The court appears to have based the order on the court’s notion of some unspecified sum that it thought plaintiff should be able to earn instead of his actual income. The award should be based on plaintiff’s actual income “if the husband is honestly engaged in a business to which he is properly adapted and is in fact seeking to operate his business profitably.” Conrad v. Conrad, 252 N.C. 412, 418, 113 S.E. 2d 912, 916 (1960). Only where there are findings, based on competent evidence, to support a conclusion that the supporting spouse or parent is deliberately depressing his or her income to avoid family responsibilities can the “earning capacity” rule be applied. The basic issue is: “Is the husband, by reducing his income, primarily motivated by a desire to avoid his reasonable support obligations?” Bowes v. Bowes, 287 N.C. 163, 173, 214 S.E. 2d 40, 46 (1975); Wachacha v. Wachacha, 38 N.C. 504, 248 S.E. 2d 375 (1978). There is nothing in this record to support a conclusion that plaintiff had intentionally depressed his income to avoid his reasonable support obligation to his children. Plaintiff’s net income, from the practice of law, did decrease in 1978. During that year, however, the children were in his custody pursuant to the deed of separation. There is nothing to indicate that they were not adequately provided for or that he had reason to believe that defendant would want to take custody of them after he filed for divorce and make a claim for child support. His earnings in 1979 prior to the hearing do not seem to be substantially below those for 1978, when he had the children with him. *813Moreover, plaintiff’s gross receipts over the four-year period do not vary greatly. Plaintiff’s gross receipts for 1978 were only about $5,000.00 less than they were for 1976, his year of highest net earnings from the practice of law. The expenses for 1978 were substantially greater in 1978 and this contributed to lower net earnings.

The parties had separated on an earlier occasion. In November, 1976, defendant moved to Sarasota, Florida and took the children with her, but in June, 1977, the parties resumed their marital relationship. During the period between the separation and reconciliation, plaintiff paid defendant $1,000.00 per month. He testified that those funds came from the sale of real estate he had previously acquired. Plaintiff also testified that prior to the separation in 1976, he had worked fourteen or fifteen hours each day and had worked on weekends. The separation and loss of his family affected him very deeply and had a substantial effect on the zeal with which he could work.

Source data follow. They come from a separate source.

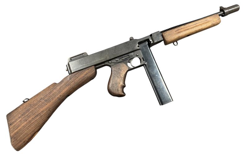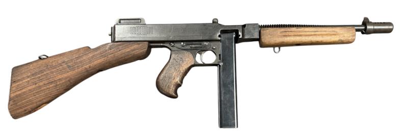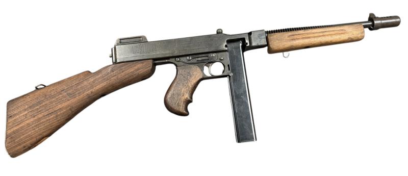 US WW2 28A1 Thompson submachine gun with British WW2 modifications.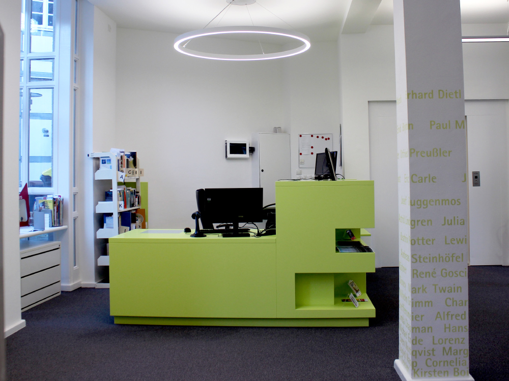 In allen Geschossen wurden Bodenkanäle für die Daten- und Elektroleitungen installiert, sodass störende Steckdosen und Datendosen an den Wänden entfallen konnten. Zudem wurden die Räume mit neuem Bodenbelag ausgestattet und malermäßig überarbeitet. Dabei wurde Wert auf große Farbflächen sowie ein dekoratives Leitsystem gelegt.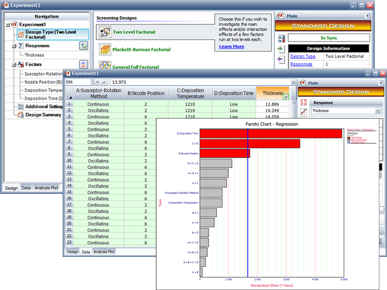 A set of Design folios provide techniques for DOE analyses such as identifying key factors that affect performance (standard design), minimizing a system’s sensitivity to noise (robust design) and determining the best proportion of components in a mixture (mixture design).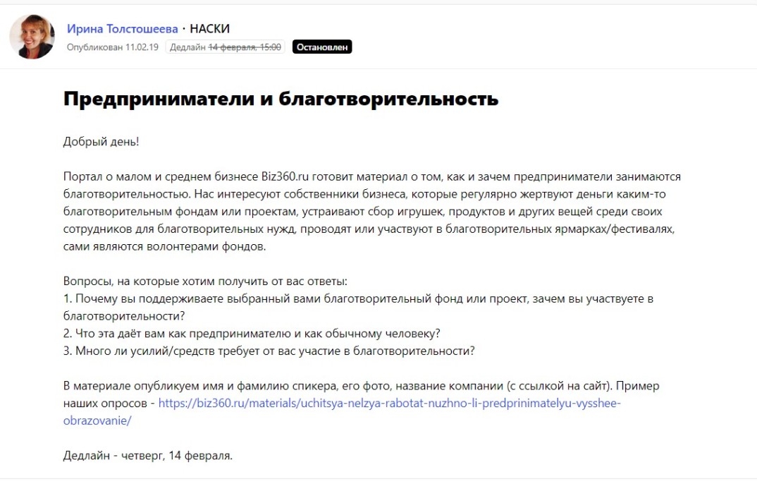 Способ 2. Мониторить запросы на сервисе Pressfeed и оперативно отвечать на них.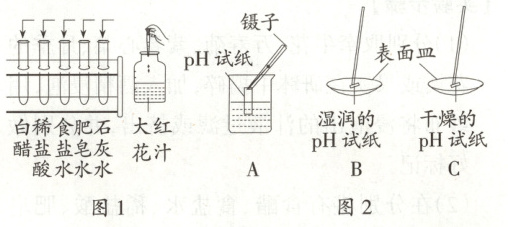 (1)把自制的大红花汁按图1所示分别滴加到试管中,观察到的现象如表所示: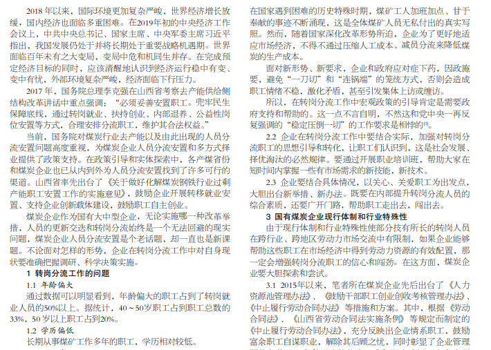 国有煤炭企业在共和国几十年的发展建设中,为国家建设付出了几代人的汗水和心血。由于历史原因,在观念、体 制和管理等方面,形成了一个内部小社会。企业机构和职工队伍不断扩大,冗员多、负担重、污染重、效益差等问题逐渐在今 天激烈的市场经济环境中暴露出来,和国家提出的绿色建设目标相距甚远,也成为制约企业发展的核心问题。如何做好企业转 岗分流工作,妥善解决出现的各类问题和矛盾?笔者以所在国有企业为佐证,结合掌握的资料,对转岗分流这一工作提出了粗 浅的分析和思考。

The loss of his family continues to affect the amount of his work but he is working more now than he was after the separation in 1976. The facts set out in this paragraph are recited in the order from which plaintiff appealed and appear to form the only basis for the court’s action in ordering payments in excess of that which could be made from plaintiff’s present income. These facts will not support a conclusion that plaintiff intentionally depressed his income to avoid his obligation to support his children.

Because the order for support must be vacated, we need not discuss plaintiff’s objections to the order as it relates to the reasonable needs of the children except to say that the court’s conclusion as to the reasonable needs of the children is not supported by the evidence or appropriate findings of fact.

The court also awarded defendant primary custody of the children. That part of the order is affirmed. That part of the order awarding attorney fees to be paid by plaintiff to defendant’s counsel is also affirmed.

Those parts of the order directing plaintiff to pay $900.00 monthly into the clerk’s office and the sum of $5,000.00 directly to defendant are vacated. The case is remanded for a new hearing to the end that the court can make appropriate findings and enter an order based on the then existing circumstances including the *814relative abilities of the parties to provide for the reasonable needs of the children.

Affirmed in part.

Vacated and remanded in part.

Judges CLARK and MARTIN (Harry C.) concur.